Exercise requirements ::
Reproduce the entries exactly as they appear below.
[[ Recorded data open ]]
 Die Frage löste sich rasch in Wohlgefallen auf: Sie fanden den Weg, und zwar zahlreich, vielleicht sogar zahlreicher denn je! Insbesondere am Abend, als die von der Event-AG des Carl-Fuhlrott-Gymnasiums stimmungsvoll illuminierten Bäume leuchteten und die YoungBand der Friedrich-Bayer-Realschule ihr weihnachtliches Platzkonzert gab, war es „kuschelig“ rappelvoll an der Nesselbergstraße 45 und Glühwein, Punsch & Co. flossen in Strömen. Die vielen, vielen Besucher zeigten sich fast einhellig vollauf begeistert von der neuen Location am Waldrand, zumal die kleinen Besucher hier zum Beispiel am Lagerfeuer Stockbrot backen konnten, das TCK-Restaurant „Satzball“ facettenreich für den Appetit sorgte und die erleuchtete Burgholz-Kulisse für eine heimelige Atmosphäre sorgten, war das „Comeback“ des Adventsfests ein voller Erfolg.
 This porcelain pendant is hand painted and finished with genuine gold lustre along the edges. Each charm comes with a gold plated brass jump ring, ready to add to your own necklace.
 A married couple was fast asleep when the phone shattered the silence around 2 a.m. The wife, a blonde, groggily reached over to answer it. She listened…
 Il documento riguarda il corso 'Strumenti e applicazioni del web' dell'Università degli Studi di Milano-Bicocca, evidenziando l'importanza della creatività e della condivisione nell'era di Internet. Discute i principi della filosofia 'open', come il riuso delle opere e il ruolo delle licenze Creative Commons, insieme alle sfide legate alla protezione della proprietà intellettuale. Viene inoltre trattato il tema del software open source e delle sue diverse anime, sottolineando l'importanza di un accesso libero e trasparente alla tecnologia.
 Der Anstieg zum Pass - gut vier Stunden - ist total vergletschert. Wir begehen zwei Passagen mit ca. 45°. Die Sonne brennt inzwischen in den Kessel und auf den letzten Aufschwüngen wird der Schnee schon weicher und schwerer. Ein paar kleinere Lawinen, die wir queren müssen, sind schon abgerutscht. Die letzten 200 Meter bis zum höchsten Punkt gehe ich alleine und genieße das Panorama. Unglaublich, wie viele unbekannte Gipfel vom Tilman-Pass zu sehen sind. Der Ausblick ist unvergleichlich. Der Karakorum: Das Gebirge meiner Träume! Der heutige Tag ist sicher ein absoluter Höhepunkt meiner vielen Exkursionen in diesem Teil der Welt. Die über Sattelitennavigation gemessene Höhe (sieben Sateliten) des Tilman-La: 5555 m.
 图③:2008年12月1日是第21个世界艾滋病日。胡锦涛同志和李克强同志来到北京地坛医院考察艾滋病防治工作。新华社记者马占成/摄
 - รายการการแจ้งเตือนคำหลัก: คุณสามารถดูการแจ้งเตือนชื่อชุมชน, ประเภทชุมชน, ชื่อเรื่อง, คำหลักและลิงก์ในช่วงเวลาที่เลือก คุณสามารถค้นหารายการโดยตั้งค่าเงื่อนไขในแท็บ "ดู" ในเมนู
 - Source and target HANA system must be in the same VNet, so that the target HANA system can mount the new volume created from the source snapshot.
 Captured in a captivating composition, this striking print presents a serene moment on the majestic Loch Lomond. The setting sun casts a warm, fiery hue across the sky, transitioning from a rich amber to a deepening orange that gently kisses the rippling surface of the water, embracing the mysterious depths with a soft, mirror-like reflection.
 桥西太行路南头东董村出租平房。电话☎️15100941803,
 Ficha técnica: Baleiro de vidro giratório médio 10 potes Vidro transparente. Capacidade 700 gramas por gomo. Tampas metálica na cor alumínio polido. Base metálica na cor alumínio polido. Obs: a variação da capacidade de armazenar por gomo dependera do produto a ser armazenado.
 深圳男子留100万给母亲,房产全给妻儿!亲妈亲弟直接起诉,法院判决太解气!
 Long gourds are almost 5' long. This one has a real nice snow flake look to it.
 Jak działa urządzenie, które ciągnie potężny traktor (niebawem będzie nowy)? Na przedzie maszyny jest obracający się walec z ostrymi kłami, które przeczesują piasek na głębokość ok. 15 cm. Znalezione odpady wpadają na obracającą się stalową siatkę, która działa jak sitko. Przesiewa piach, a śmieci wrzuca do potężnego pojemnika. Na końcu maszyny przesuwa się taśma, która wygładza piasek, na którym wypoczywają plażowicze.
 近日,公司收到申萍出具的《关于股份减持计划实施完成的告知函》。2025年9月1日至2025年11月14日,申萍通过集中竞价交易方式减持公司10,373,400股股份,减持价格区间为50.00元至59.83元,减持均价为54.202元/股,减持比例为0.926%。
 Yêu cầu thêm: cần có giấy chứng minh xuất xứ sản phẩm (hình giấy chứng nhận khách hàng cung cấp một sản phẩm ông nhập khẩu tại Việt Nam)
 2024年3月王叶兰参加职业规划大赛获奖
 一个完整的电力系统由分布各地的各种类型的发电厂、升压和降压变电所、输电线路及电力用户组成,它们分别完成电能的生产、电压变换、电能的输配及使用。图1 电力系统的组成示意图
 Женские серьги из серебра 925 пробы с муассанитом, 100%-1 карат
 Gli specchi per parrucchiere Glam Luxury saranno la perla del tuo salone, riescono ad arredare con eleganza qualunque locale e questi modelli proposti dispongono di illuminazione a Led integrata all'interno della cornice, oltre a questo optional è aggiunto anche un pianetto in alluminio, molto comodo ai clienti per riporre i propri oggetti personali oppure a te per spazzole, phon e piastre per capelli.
[[ Recorded data closed ]]
Task output ::
 Die Frage löste sich rasch in Wohlgefallen auf: Sie fanden den Weg, und zwar zahlreich, vielleicht sogar zahlreicher denn je! Insbesondere am Abend, als die von der Event-AG des Carl-Fuhlrott-Gymnasiums stimmungsvoll illuminierten Bäume leuchteten und die YoungBand der Friedrich-Bayer-Realschule ihr weihnachtliches Platzkonzert gab, war es „kuschelig“ rappelvoll an der Nesselbergstraße 45 und Glühwein, Punsch & Co. flossen in Strömen. Die vielen, vielen Besucher zeigten sich fast einhellig vollauf begeistert von der neuen Location am Waldrand, zumal die kleinen Besucher hier zum Beispiel am Lagerfeuer Stockbrot backen konnten, das TCK-Restaurant „Satzball“ facettenreich für den Appetit sorgte und die erleuchtete Burgholz-Kulisse für eine heimelige Atmosphäre sorgten, war das „Comeback“ des Adventsfests ein voller Erfolg.
 This porcelain pendant is hand painted and finished with genuine gold lustre along the edges. Each charm comes with a gold plated brass jump ring, ready to add to your own necklace.
 A married couple was fast asleep when the phone shattered the silence around 2 a.m. The wife, a blonde, groggily reached over to answer it. She listened…
 Il documento riguarda il corso 'Strumenti e applicazioni del web' dell'Università degli Studi di Milano-Bicocca, evidenziando l'importanza della creatività e della condivisione nell'era di Internet. Discute i principi della filosofia 'open', come il riuso delle opere e il ruolo delle licenze Creative Commons, insieme alle sfide legate alla protezione della proprietà intellettuale. Viene inoltre trattato il tema del software open source e delle sue diverse anime, sottolineando l'importanza di un accesso libero e trasparente alla tecnologia.
 Der Anstieg zum Pass - gut vier Stunden - ist total vergletschert. Wir begehen zwei Passagen mit ca. 45°. Die Sonne brennt inzwischen in den Kessel und auf den letzten Aufschwüngen wird der Schnee schon weicher und schwerer. Ein paar kleinere Lawinen, die wir queren müssen, sind schon abgerutscht. Die letzten 200 Meter bis zum höchsten Punkt gehe ich alleine und genieße das Panorama. Unglaublich, wie viele unbekannte Gipfel vom Tilman-Pass zu sehen sind. Der Ausblick ist unvergleichlich. Der Karakorum: Das Gebirge meiner Träume! Der heutige Tag ist sicher ein absoluter Höhepunkt meiner vielen Exkursionen in diesem Teil der Welt. Die über Sattelitennavigation gemessene Höhe (sieben Sateliten) des Tilman-La: 5555 m.
 图③:2008年12月1日是第21个世界艾滋病日。胡锦涛同志和李克强同志来到北京地坛医院考察艾滋病防治工作。新华社记者马占成/摄
 - รายการการแจ้งเตือนคำหลัก: คุณสามารถดูการแจ้งเตือนชื่อชุมชน, ประเภทชุมชน, ชื่อเรื่อง, คำหลักและลิงก์ในช่วงเวลาที่เลือก คุณสามารถค้นหารายการโดยตั้งค่าเงื่อนไขในแท็บ "ดู" ในเมนู
 - Source and target HANA system must be in the same VNet, so that the target HANA system can mount the new volume created from the source snapshot.
 Captured in a captivating composition, this striking print presents a serene moment on the majestic Loch Lomond. The setting sun casts a warm, fiery hue across the sky, transitioning from a rich amber to a deepening orange that gently kisses the rippling surface of the water, embracing the mysterious depths with a soft, mirror-like reflection.
 桥西太行路南头东董村出租平房。电话☎️15100941803,
 Ficha técnica: Baleiro de vidro giratório médio 10 potes Vidro transparente. Capacidade 700 gramas por gomo. Tampas metálica na cor alumínio polido. Base metálica na cor alumínio polido. Obs: a variação da capacidade de armazenar por gomo dependera do produto a ser armazenado.
 深圳男子留100万给母亲,房产全给妻儿!亲妈亲弟直接起诉,法院判决太解气!
 Long gourds are almost 5' long. This one has a real nice snow flake look to it.
 Jak działa urządzenie, które ciągnie potężny traktor (niebawem będzie nowy)? Na przedzie maszyny jest obracający się walec z ostrymi kłami, które przeczesują piasek na głębokość ok. 15 cm. Znalezione odpady wpadają na obracającą się stalową siatkę, która działa jak sitko. Przesiewa piach, a śmieci wrzuca do potężnego pojemnika. Na końcu maszyny przesuwa się taśma, która wygładza piasek, na którym wypoczywają plażowicze.
 近日,公司收到申萍出具的《关于股份减持计划实施完成的告知函》。2025年9月1日至2025年11月14日,申萍通过集中竞价交易方式减持公司10,373,400股股份,减持价格区间为50.00元至59.83元,减持均价为54.202元/股,减持比例为0.926%。
 Yêu cầu thêm: cần có giấy chứng minh xuất xứ sản phẩm (hình giấy chứng nhận khách hàng cung cấp một sản phẩm ông nhập khẩu tại Việt Nam)
 2024年3月王叶兰参加职业规划大赛获奖
 一个完整的电力系统由分布各地的各种类型的发电厂、升压和降压变电所、输电线路及电力用户组成,它们分别完成电能的生产、电压变换、电能的输配及使用。图1 电力系统的组成示意图
 Женские серьги из серебра 925 пробы с муассанитом, 100%-1 карат
 Gli specchi per parrucchiere Glam Luxury saranno la perla del tuo salone, riescono ad arredare con eleganza qualunque locale e questi modelli proposti dispongono di illuminazione a Led integrata all'interno della cornice, oltre a questo optional è aggiunto anche un pianetto in alluminio, molto comodo ai clienti per riporre i propri oggetti personali oppure a te per spazzole, phon e piastre per capelli.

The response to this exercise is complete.